In this example, all values are suddently increasing after around 140 minutes, which is a behaviour that is not present in the training data. We will format the data as we did for the training set :

In [None]:
event_data = np.zeros((len(strange_event_scaled)-nb_timesteps,(nb_timesteps+1)*nb_features))
for i in range(len(strange_event_scaled)-nb_timesteps):
    event_data[i] = np.reshape(strange_event_scaled[i:i+nb_timesteps+1],((nb_timesteps+1)*nb_features))
# split into input and outputs (15 minutes of data in input, the 16th minute in output)
event_x, event_y = event_data[:, :-nb_features], event_data[:, -nb_features:]
# reshape input to be 3D [samples, timesteps, features] -> [nb_samples, nb_timesteps minutes, nb_features features]
event_x = event_x.reshape((event_x.shape[0], nb_timesteps, nb_features))
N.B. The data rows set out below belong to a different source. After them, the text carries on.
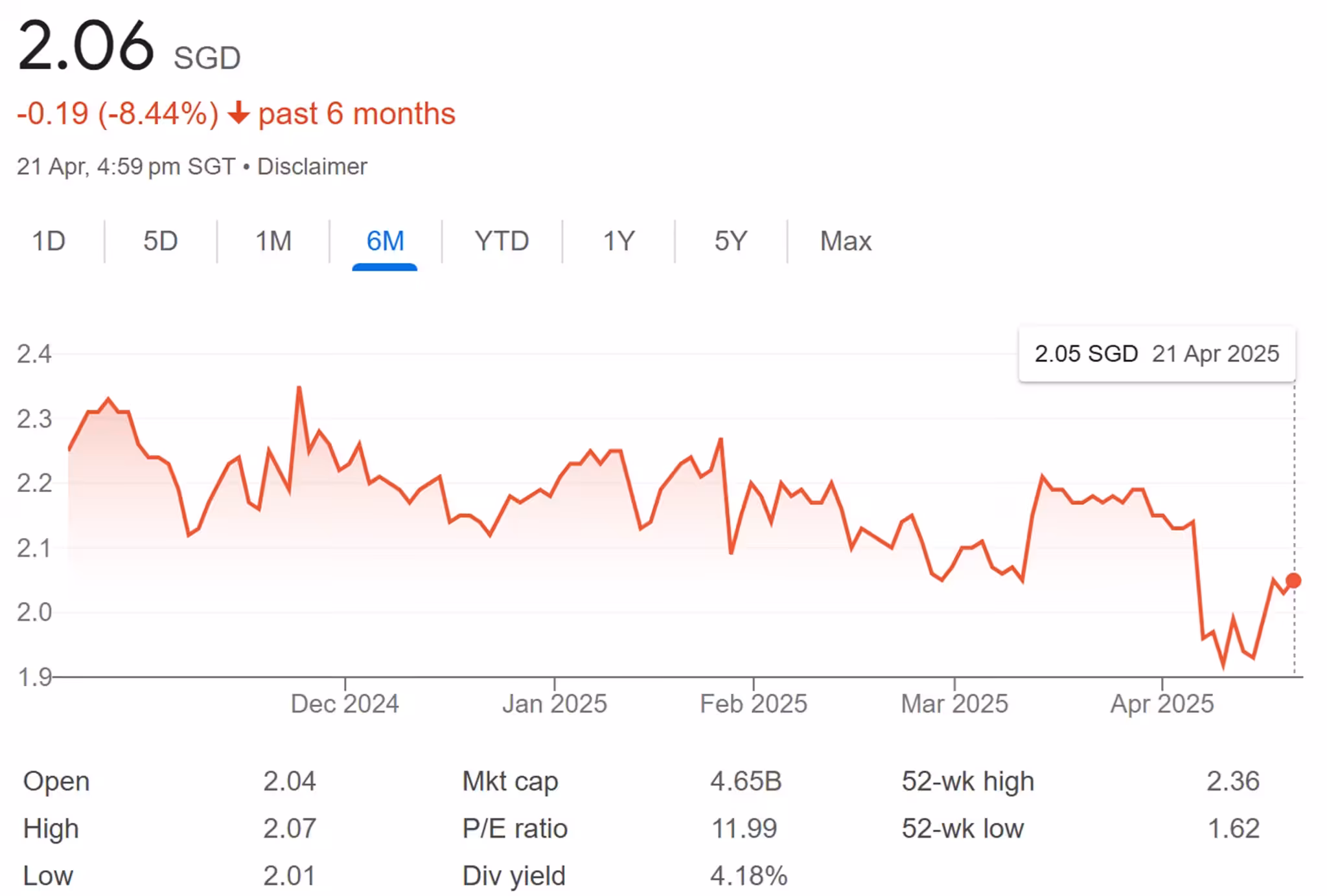 - Low current dividend yield of 4.61% based on S$2.05 per unit.
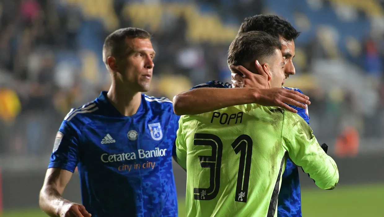 Claudiu Cristian Balan il felicita pe Dimitrie Robert Popa dupa meciul de fotbal dintre Petrolul Ploiesti si FC U Craiova, contand pentru Cupa Romaniei, desfasurat pe Stadionul Ilie Oana din Ploiesti, marti 21 septembrie 2021. © FOTO:Razvan Pasarica/SPORT PICTURES
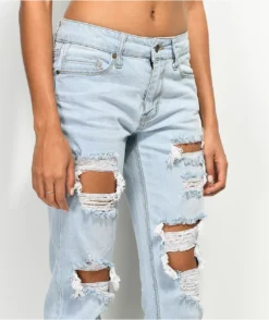The boyfriend fit Easton jeans from Empyre feature a light blue vintage wash with custom rips and distressing throughout for a lived-in look. The comfortable stretch denim material made from lightweight cotton, finished with an on-trend wash and design.
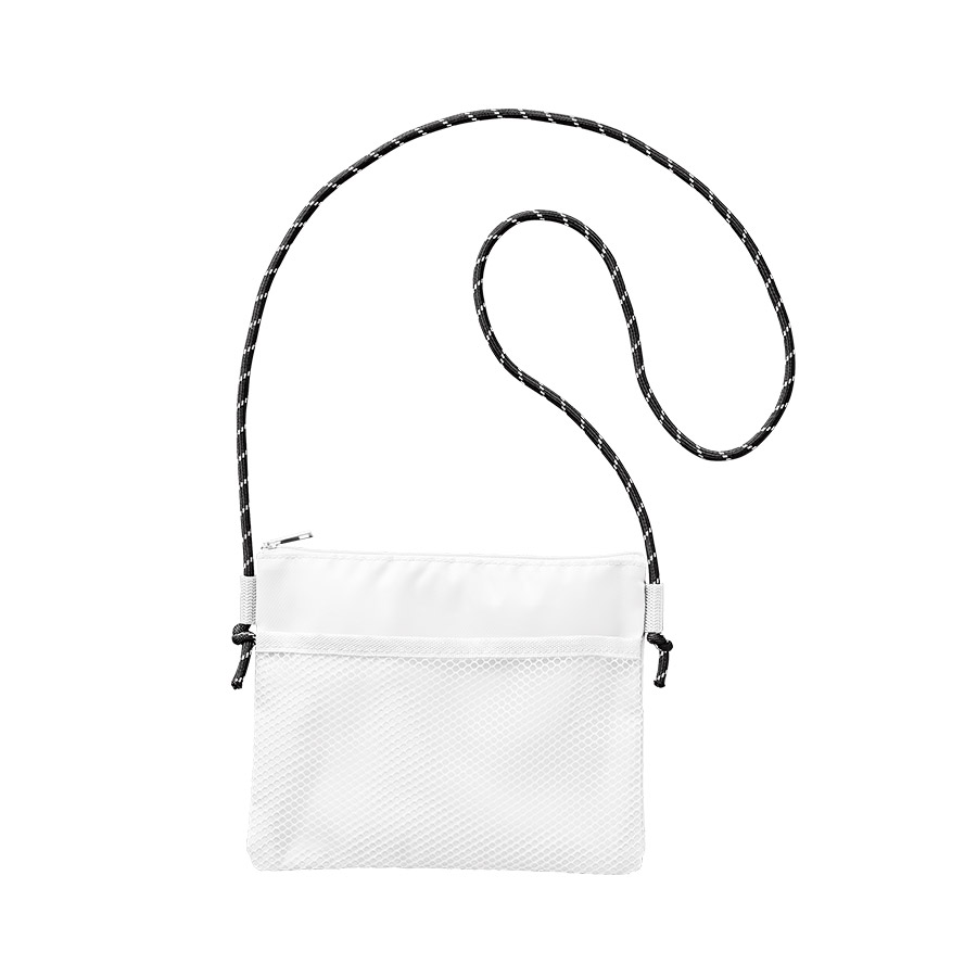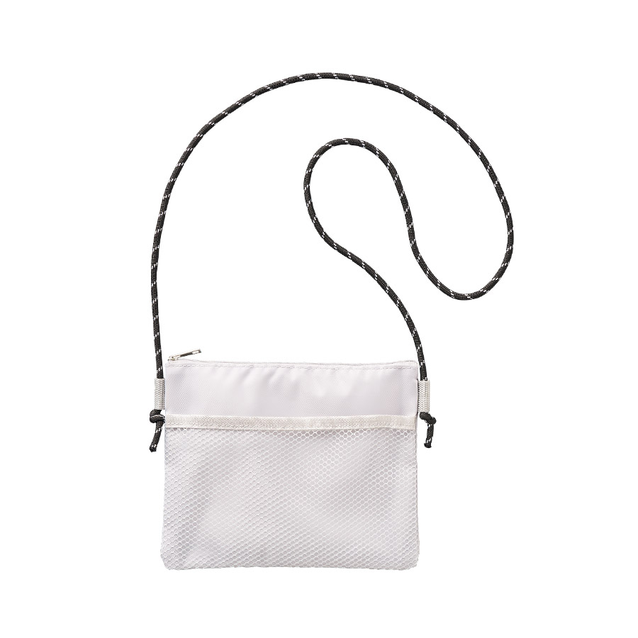メッシュポケットがポイントのサコッシュです。外ポケット付きで、チケットなどを入れるのにぴったりなサイズ感です。

### Using the neural network

We will now send in the network the data from T0 to T14 and try to guess T15. We keep the error done in the prediction and restart with data from T1 to T15, then T2 to T16 and so on...

In [None]:
errors=np.zeros(len(event_x))
for i in range(len(event_x)):
    errors[i]=lstm.evaluate(event_x[i:i+1,:,:],event_y[i:i+1],verbose=0)
    
fig = plt.figure(figsize=(15,9))
plt.title("Evolution of the prediction's errors")
plt.plot(errors)
plt.show()

#Apply a sliding average on the output
N = 10
errors = np.convolve(errors, np.ones((N,))/N, mode='valid')
    
fig = plt.figure(figsize=(15,9))
plt.title("Evolution of the prediction's errors (average on "+str(N)+" minutes)")
plt.plot(errors)
plt.show()

We can see that the prediction error is relatively stable except for a huge spike: it should be easy to set a threshold to raise an alarm!

Now this example is fairly obvious, you can try again with the data from file event2.csv.